■ What to produce
Repeat the listing exactly. Do not carry over any pictures.

(Beginning of Recorded data)

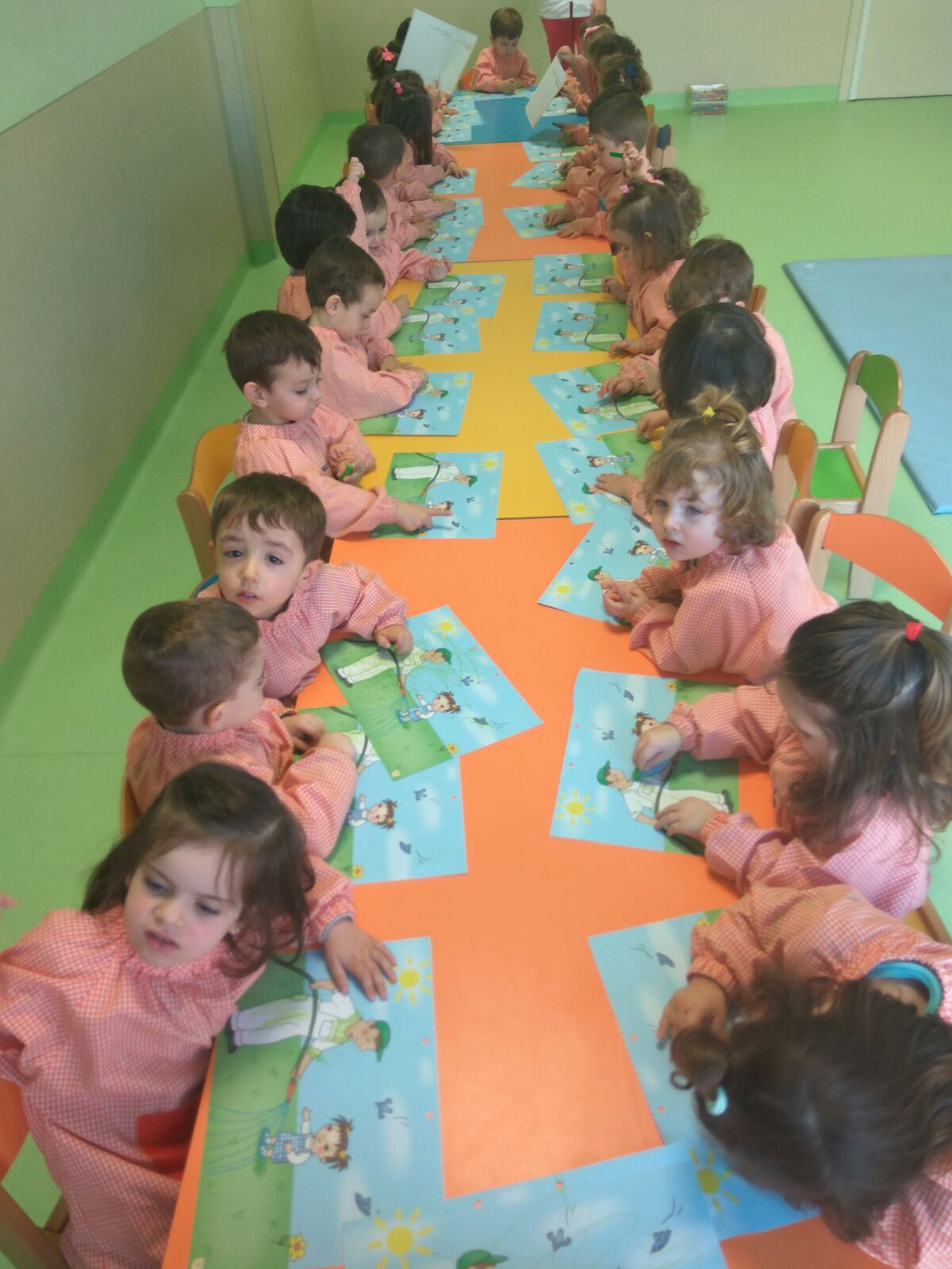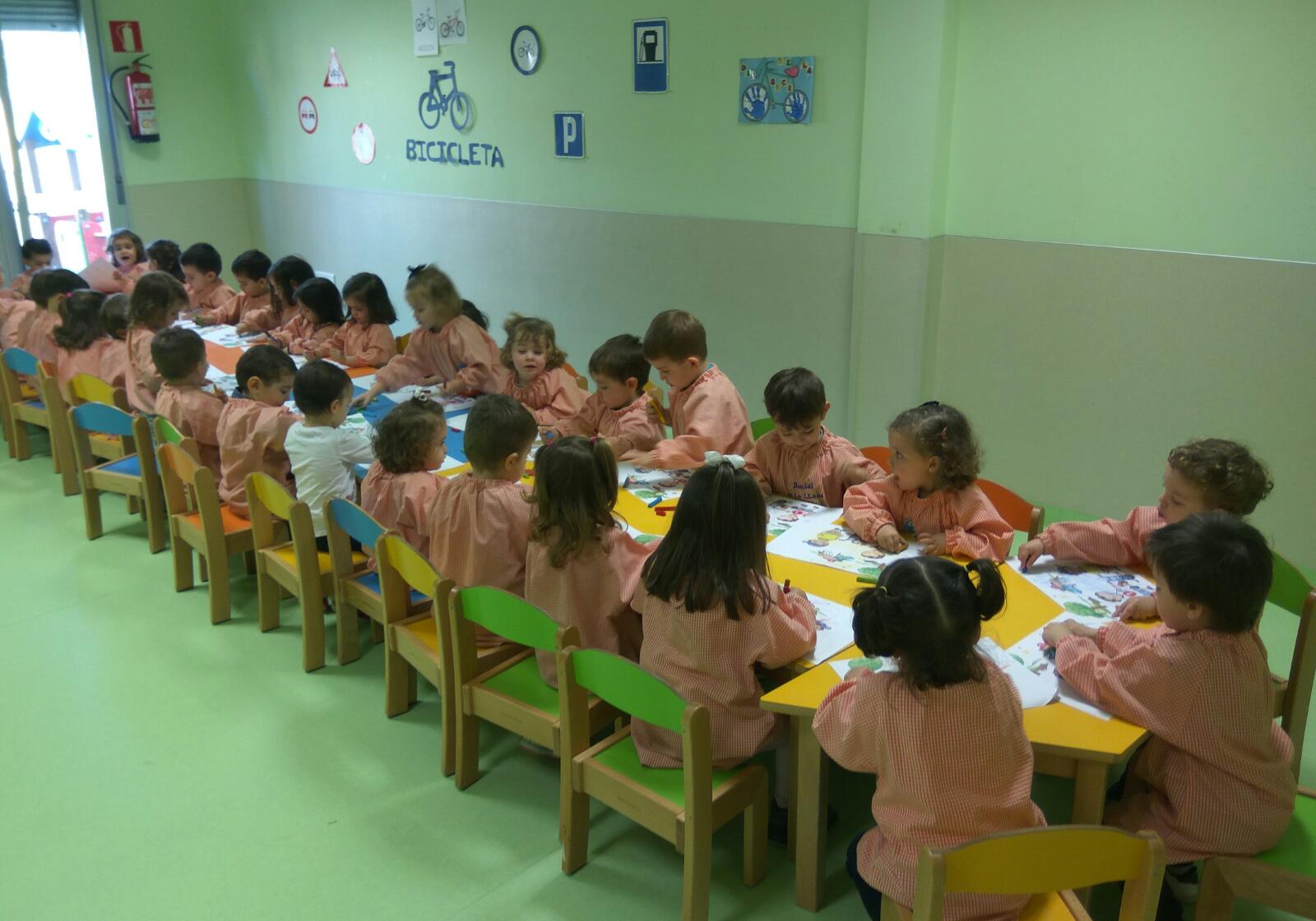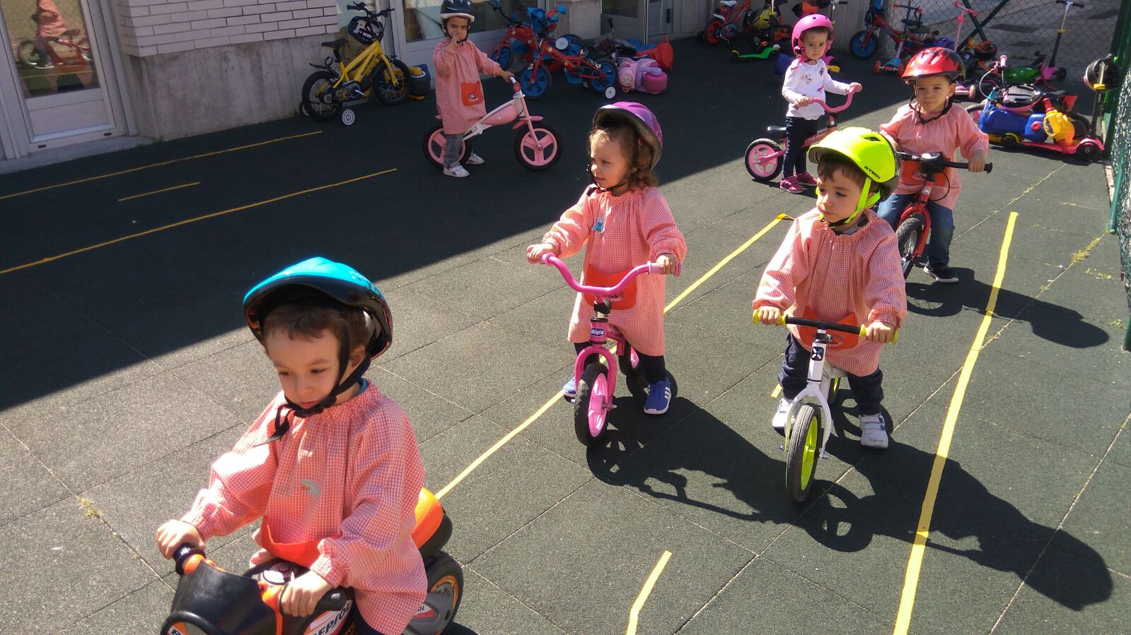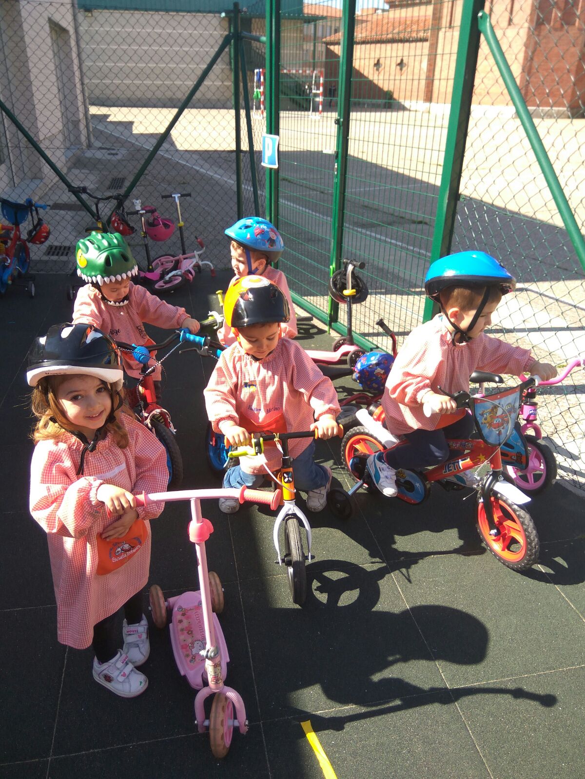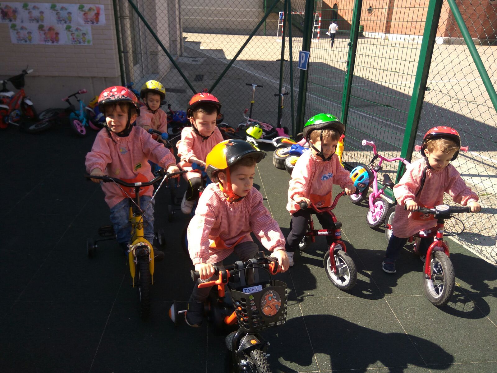 A primera hora de la mañana hemos leído el cuento de la unidad que va sobre el desencuentro de dos amigos en el parque por un triciclo, por supuesto con final feliz ya que compartir es mejor para todos. Después hemos realizado la actividad correspondiente al cuento y finalmente hemos ido al patio donde había un circuito para practicar con nuestras bicis, hemos aprendido a respetar las señales y semáforos. Hemos aprobado el carnet de conducir después de realizar un circuito, respetando las normas de circulación.
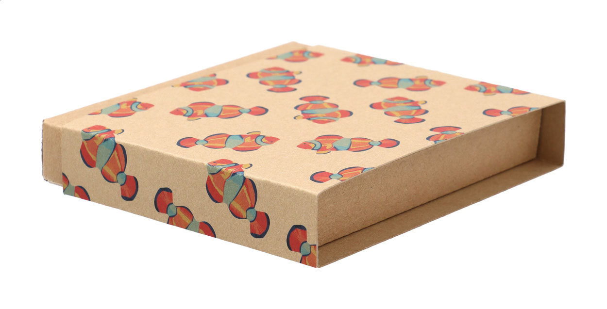 Individueller vollfarbig bedruckter Pappschuber aus Kraftpapier. Mindestmenge: 50 Stk.
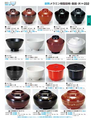 232ページ 耐熱メラミン樹脂吸椀・飯器・丼Heat-resistant Soup Bowls/Bowls |
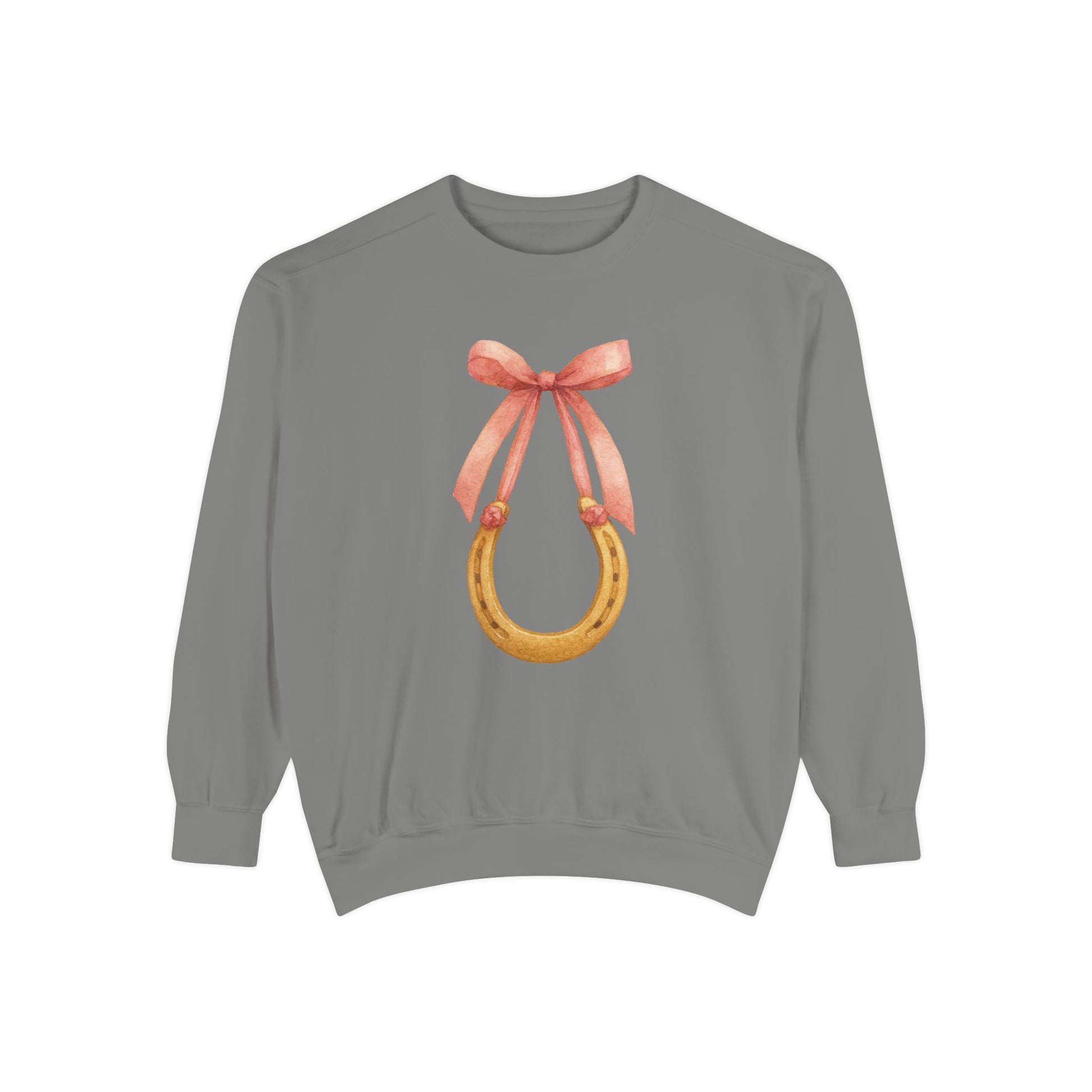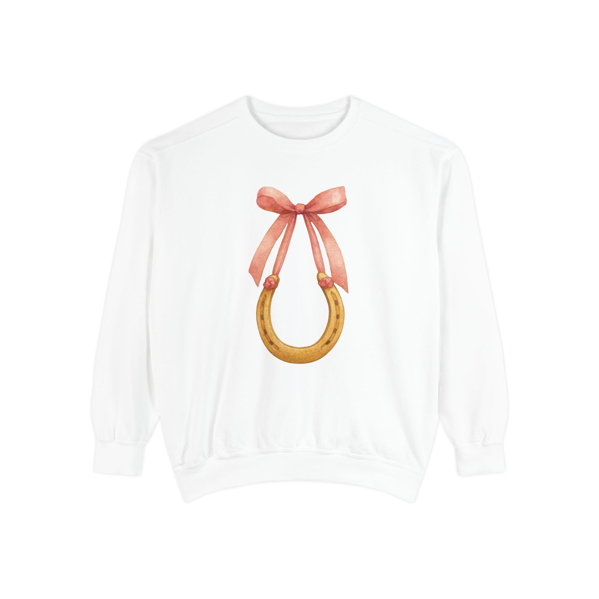Soft, cozy, and quietly charming, this garment-dyed sweatshirt pairs a relaxed silhouette with a delicate watercolor-style motif: a golden horseshoe tied with a faded pink ribbon. It feels lived-in from the first wear, warming the shoulders on crisp mornings and pairing easily with jeans or lounging layers. For anyone who loves low-key equestrian touches, vintage-inspired palettes, or easy weekend outfits, this sweatshirt settles into the rotation and becomes one you reach for again and again.

(End of Recorded data)

■ Result for this exercise
 A primera hora de la mañana hemos leído el cuento de la unidad que va sobre el desencuentro de dos amigos en el parque por un triciclo, por supuesto con final feliz ya que compartir es mejor para todos. Después hemos realizado la actividad correspondiente al cuento y finalmente hemos ido al patio donde había un circuito para practicar con nuestras bicis, hemos aprendido a respetar las señales y semáforos. Hemos aprobado el carnet de conducir después de realizar un circuito, respetando las normas de circulación.
 Individueller vollfarbig bedruckter Pappschuber aus Kraftpapier. Mindestmenge: 50 Stk.
 232ページ 耐熱メラミン樹脂吸椀・飯器・丼Heat-resistant Soup Bowls/Bowls |
Soft, cozy, and quietly charming, this garment-dyed sweatshirt pairs a relaxed silhouette with a delicate watercolor-style motif: a golden horseshoe tied with a faded pink ribbon. It feels lived-in from the first wear, warming the shoulders on crisp mornings and pairing easily with jeans or lounging layers. For anyone who loves low-key equestrian touches, vintage-inspired palettes, or easy weekend outfits, this sweatshirt settles into the rotation and becomes one you reach for again and again.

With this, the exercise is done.